Статьи
Одной из самых опасных разновидностей вредноносных программ, которая доставляет множество неприятностей
владельцам персональных компьютеров, является червь почтовой рассылки «Win32.HLLM.Beagle.12. Данный червь,
как и многие другие разновидности червей, внедряется в операционку «Windows» 95/98/Me/NT/2000/XP. Сам червь
содержится в письме и присоединяется к нему, как приложение ZIP файла общим размером 8 кб. Червь имеет вид PE EXE
файла общим размером 10268 и способен внести различные значения в ключи реестра компьютера.
Червь может внести значительные изменения и создает свою автокопию при инициализации компьютера.
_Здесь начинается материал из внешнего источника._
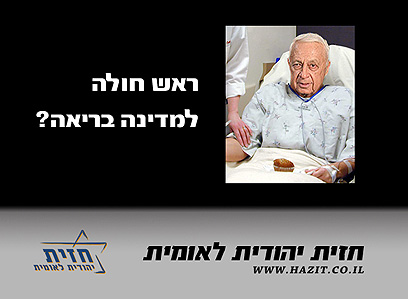 ניסיון ראשון לעשות שימוש במצבו הבריאותי של ראש הממשלה במערכת הבחירות: בעלונים שהפיץ הימין הקיצוני ברחבי ירושלים נראה אריאל שרון לבוש בפיג'מה של בית חולים ומחובר לאינפוזיה.
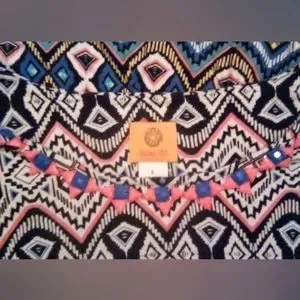 Ruby Rd. print top, scoop neck with decorative trim, long sleeved, size L, scarf hem, 95% rayon, 5% spandex, 22" armpit to armpit, 27" length
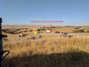 After setting the trap I went up a hill about 100 yards away as a vantage point to wait and watch for Paco. I
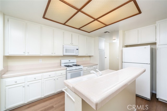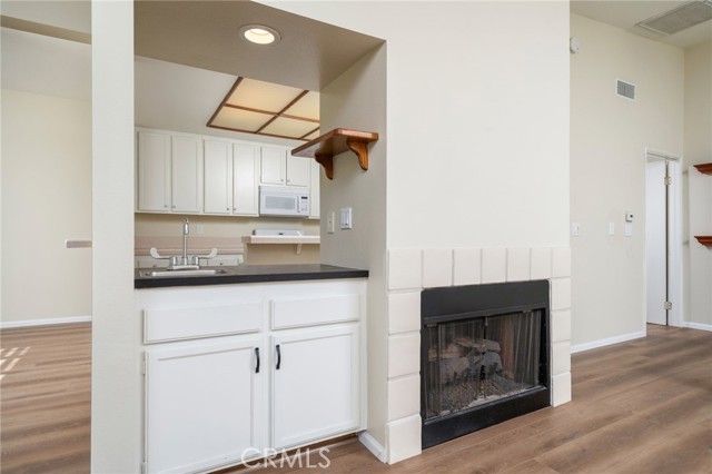 Turnkey end unit townhome located in quiet San Dimas complex. This beautiful townhome features two spacious bedrooms and 2.5 bathrooms with 1,502 SF of living space. Enjoy the double door entry and open floor plan with welcoming living room with vinyl flooring and cozy fireplace, wet bar, and slider door to outside balcony, open kitchen with center island, ample cabinet and counter space, gas range, microwave, dishwasher, refrigerator, and adjacent kitchen dining area with slider door to outside balcony. Also on the main level you have a powder room for your guests. Downstairs features two spacious bedrooms both with their own bathrooms, including a primary suite with a two closets, one is a walk-in closet, and bathroom with dual sink vanity and a separate tub/shower. Two car attached garage with direct access into house and laundry hook ups including a washer and dryer. There is a adjacent extra parking space next to the garage. Community features a pool and spa that is located close to this townhome. Located close to Old Town San Dimas with quaint shops, restaurants, and easy freeway access.
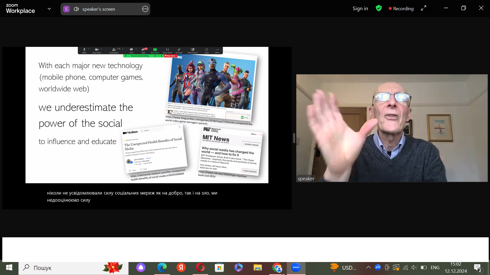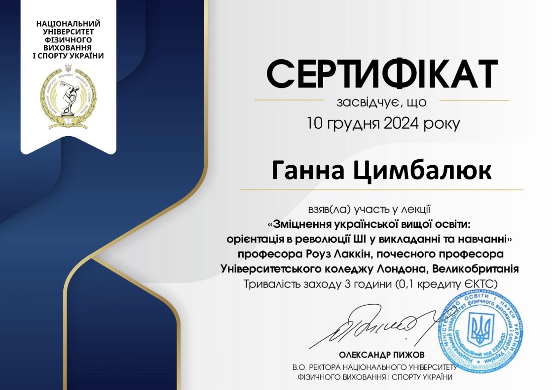 Спікер: професор Майк Шарплз, почесний професор Інституту освіти Відкритого університету, Великобританія, який розглянув як генеративний ШІ, зокрема ChatGPT, змінює освіту, виконуючи завдання від написання есе до створення планів занять і ведення діалогів. Лекція охопила виклики, такі як розпізнавання робіт, створених ШІ, розробка політик для його використання в освіті, а також програми «ШІ-грамотності» для викладачів і студентів. Професор також представив можливості ШІ у викладанні й оцінюванні, зокрема моделей як «Двигун можливостей», «Опонент Сократа», «Співрозробник» і «Динамічний оцінювач».
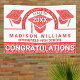 Easy to personalise, this custom graduation party banner features a faux red glitter cap and tassel design and five text templates for one of a kind party décor. This red and white CONGRATULATIONS banner has room for the graduation year on the largest mortarboard, your graduate's name, the high school and congratulations in bold white lettering with a dark red drop shadow on a faux glitter border at the bottom. From the half circle design at the top flanked by two matching faux glitter graduation caps in red to your custom text, this personalised graduation party banner will upgrade the decoration bling for your unique celebration.
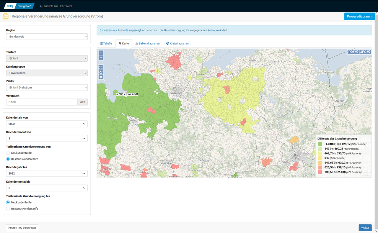 Darüber hinaus steht Ihnen eine Kartenfunktion zur Visualisierung der Preisänderungen zur Verfügung. Anhand von übersichtlichen Kreis- und Balkendiagrammen können Sie sich zudem anzeigen lassen, wie viele Postorte jeweils von den errechneten Preisdifferenzen betroffen sind.
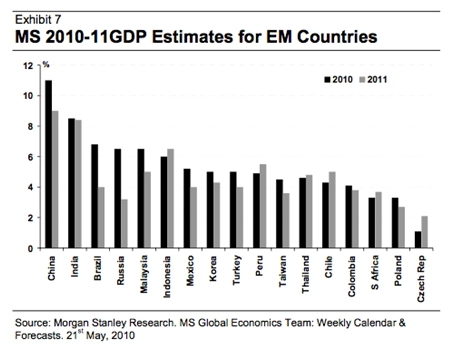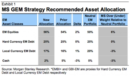 Americká banka Morgan Stanley v posledním reportu doporučuje nadvážit pozice u akcií z mladých trhů, které v posledních několika týdnech zažily velký odliv peněz. Analytici z Morgan Stanley tak radí zvýšit podíl akcií vůči neutrálně postavenému modelovému portfoliu z 2 na 6 procent.
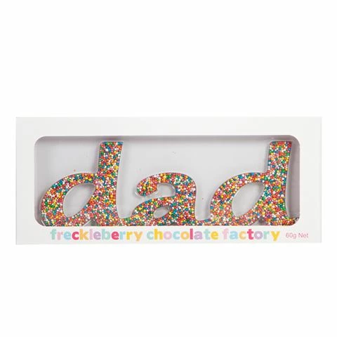 Treat dad to something sweet with this freckle ‘Dad’ chocolate. The finest Belgian milk chocolate covered in rainbow sprinkles, making for the perfect Father’s Day or birthday gift, or just to say I love you.
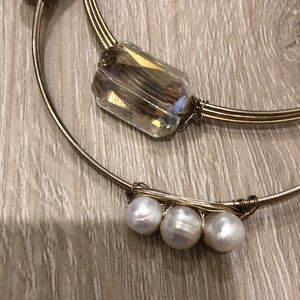 Crystal & Pearl Gold Bangle Bracelets
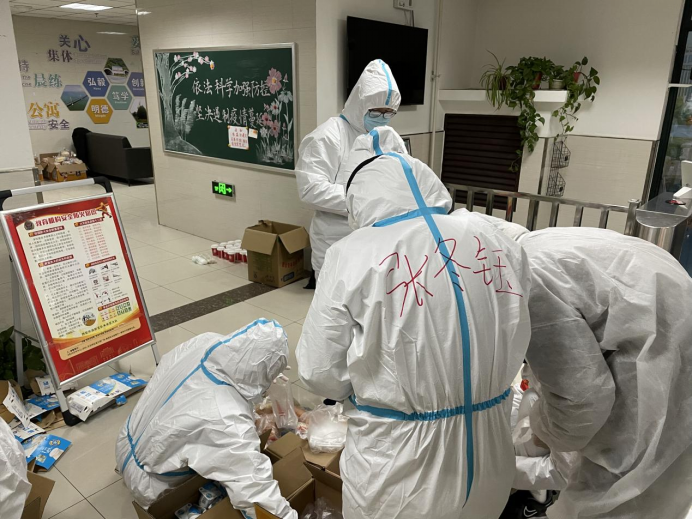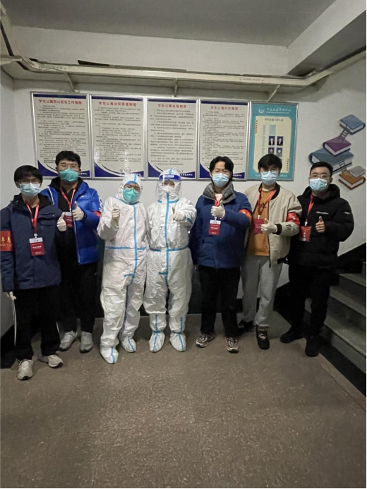 学生党支部即刻成立党员先锋队。截至目前,累计共有29名学生党员投入到学生的三餐运送、核酸检测、物资配送、宿舍消杀等一线志愿服务工作中。
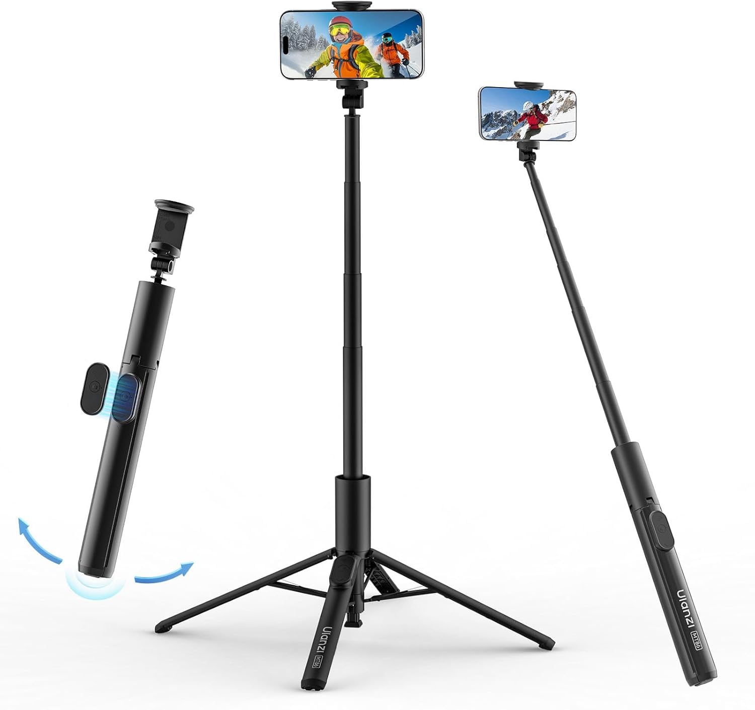 The MT86 extends to 1.46 meters, functioning as a selfie stick for capturing wide-angle shots and group photos.
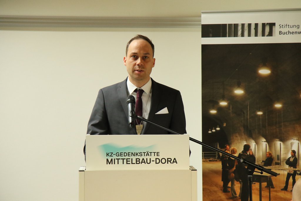 Die Verbrechen der Nazis stehen dem erstarken rechtsextremer Kräfte immer noch im Weg, wird der Philosoph Nikolas Lelle später in seinen Ausführungen zum Gedenken in Dora ausführen. Kein Wunder, das die geistigen Nachkommen lieber wegsehen würden. Lelle spricht von der Idee der Arbeit, dem fleißigen Deutschen und den faulen Anderen, von der Art wie die Nationalsozialisten diese tiefsitzende deutsche Dichtomie für ihre Propaganda nutzten, über Arbeit bis zur Vernichtung für die Gefangenen von Dora und die Arbeit der Vernichtung durch die Lageraufseher und Mitarbeiter.

Кроме этого,
червь моментально изменяет значения в ключах реестра компьютера.
HKLM\Software\Microsoft\Windows\CurrentVersion\Run
HKCU\Software\Microsoft\Windows\CurrentVersion\Run
“auto__hloader__key” = C:\WINDOWS\System32\hloader_exe.exe
Компьютеры заражаются данным червем через спам рассылку. Пока еще нет подтверждения о том, можно ли заразиться
червем через почтовую рассылку и использование удаленных уязвимостей.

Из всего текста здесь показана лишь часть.